After the result behind the step S104 acquisition time frequency analysis, execution in step S108 compares the result behind the time frequency analysis and described reference threshold.Particularly, if the result behind the time frequency analysis is less than or equal to the first reference threshold, then execution in step S109 judges that this frame is noise signal; If the result behind the time frequency analysis is greater than described the first reference threshold, and less than the second reference threshold, execution in step S111 then, this frame is signal undetermined, based on the result of determination of next frame voice signal it is judged; If the result behind the time frequency analysis is more than or equal to described the second reference threshold, then execution in step S110 judges that this frame is voice signal.
Wherein, based on the result of determination of next frame voice signal described signal undetermined is judged described in the step S111 and is comprised: with described signal determining undetermined as consistent with the signal type of described next frame voice signal.Particularly, if the next frame voice signal is judged to be voice signal, judge that then described signal undetermined is voice signal; If the next frame voice signal is judged to be noise signal, judge that then described signal undetermined is noise signal; If the next frame voice signal is judged to be signal undetermined, the result of determination that then is judged to be the next frame voice signal of signal undetermined based on this frame is again judged it.For instance, if determining, the 1st frame voice signal is noise signal, then directly it is abandoned, and the 2nd frame voice signal is judged to be signal undetermined, then it temporarily is stored among the buffer memory, wait for the result of determination of the 3rd frame voice signal, if the 3rd frame voice signal be judged to be voice signal, then the 2nd frame voice signal (signal undetermined) can be judged to be voice signal, certainly, if the 3rd frame voice signal still is judged to be signal undetermined, then continue to wait for the result of determination of the 4th frame voice signal, the 4th frame voice signal still is signal undetermined, then waits for the result of determination of the 5th frame voice signal, so until follow-uply have a frame to determine to be till noise signal or the voice signal.Thus, suppose that the 1st frame all is judged to be signal undetermined to the n frame, and the n+1 frame is judged to be noise signal, then the 1st frame all is judged to be noise signal to the n frame before, if the n+1 frame is judged to be voice signal, then the 1st frame all is judged to be voice signal to the n frame before.

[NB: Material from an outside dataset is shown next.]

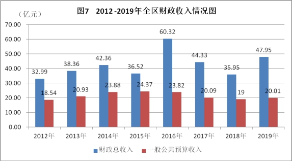 財政收支增長較快。2019年,全區實現財政總收入479468萬元,同比增長33.4%。其中完成一般公共預算收入200061萬元,同比增長5.3%;政府性基金收入172434萬元,同比增長158.3%;中央級收入106915萬元,同比增長4.4%。一般公共預算收入中稅收占比82.4%。
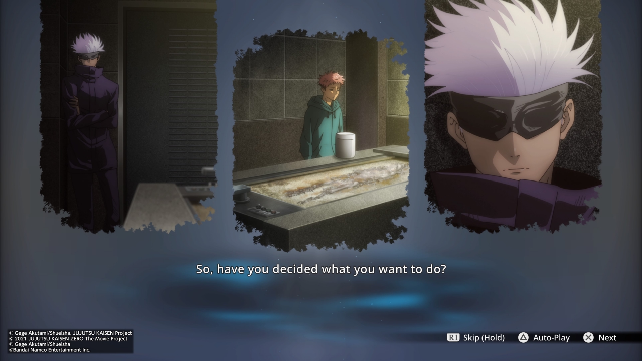 Και πώς αφηγούνται μια τέτοια, δυναμική ιστορία οι δημιουργοί; Με έναν τρόπο που «σκοτώνει» κάθε δείγμα αδρεναλίνης. Το “Story Mode” είναι μια σειρά από μάχες, οι οποίες συνδέονται από cutscenes τα οποία είναι -κυριολεκτικά- screenshots από σκηνές anime με κείμενο και ομιλία να τα συνοδεύει. Στατικές εικόνες χρησιμοποιούνται παράλληλα με φωνητικές αφηγήσεις για να αποτυπώσουν από τα πιο ασήμαντα έως τα πιο καταστροφικά γεγονότα. Ακόμη και παιχνίδια τύπου visual novel έχουν καταφέρει να αποδώσουν καλύτερα το συναίσθημα και τις εκφράσεις των χαρακτήρων, από ότι συμβαίνει εδώ. Θα μπορούσαν να δανειστούν σκηνές από τη σειρά -η οποία έχει φανταστικής ποιότητας animation- ή έστω, ολόκληρες σελίδες από το manga, όμως προτίμησαν την χειρότερη δυνατή εναλλακτική ίσως λόγω κόστους. Χώρια της φτωχής παρουσίασης, γίνονται περικοπές σε γεγονότα και χτίσιμο χαρακτήρων, οπότε η ιστορία θα αφήσει κενά σε άτομα που δεν έχουν επαφή με το πηγαίο υλικό. Κι όταν η μισή γοητεία του Jujutsu Kaisen βρίσκεται στους χαρακτήρες, είναι τεράστια αμαρτία να συμβαίνει αυτό.

Certainly, on the one hand because the finite capacity of buffer memory, can not preserve too many signal undetermined, on the other hand, the instantaneity requirement that voice signal is processed, also need not pass by for a long time signal undetermined on the holding time, therefore, a general consideration signal undetermined with predetermined quantity is stored among the buffer memory, with the result of determination of waiting for several frame signals in back it is further judged, when the frame number a predetermined level is exceeded of the signal undetermined of preserving in the buffer memory, that frame signal undetermined that then will deposit at first abandons, and namely observes the principle of first in first out for the preservation of signal undetermined.Illustrate, if described predetermined quantity is 8, suppose that the 1st frame to the 8 frame voice signals all are judged to be signal undetermined, this 8 frame voice signal all is kept in the buffer memory so, if the 9th frame is judged to be voice signal, then the 1st frame to the 8 frame voice signals all are voice signal, and the 1st frame voice signal can be used as the beginning of this section voice, if and the 9th frame is judged to be signal undetermined, then the 1st frame voice signal (being judged as signal undetermined) can be dropped; In like manner, if 10 frame voice signals after a certain frame voice signal all are judged to be signal undetermined, the 1st frame and the 2nd frame voice signal after this frame voice signal can be dropped, if and the 11st frame voice signal is noise signal, this 8 frame signal determining undetermined of then preserving is that noise signal is (during actual enforcement, for the naturalness that guarantees voice and the flatness of transition, this 8 frame signal undetermined can not be dropped, can after speech processes, export), this frame voice signal can be used as the end of this section voice.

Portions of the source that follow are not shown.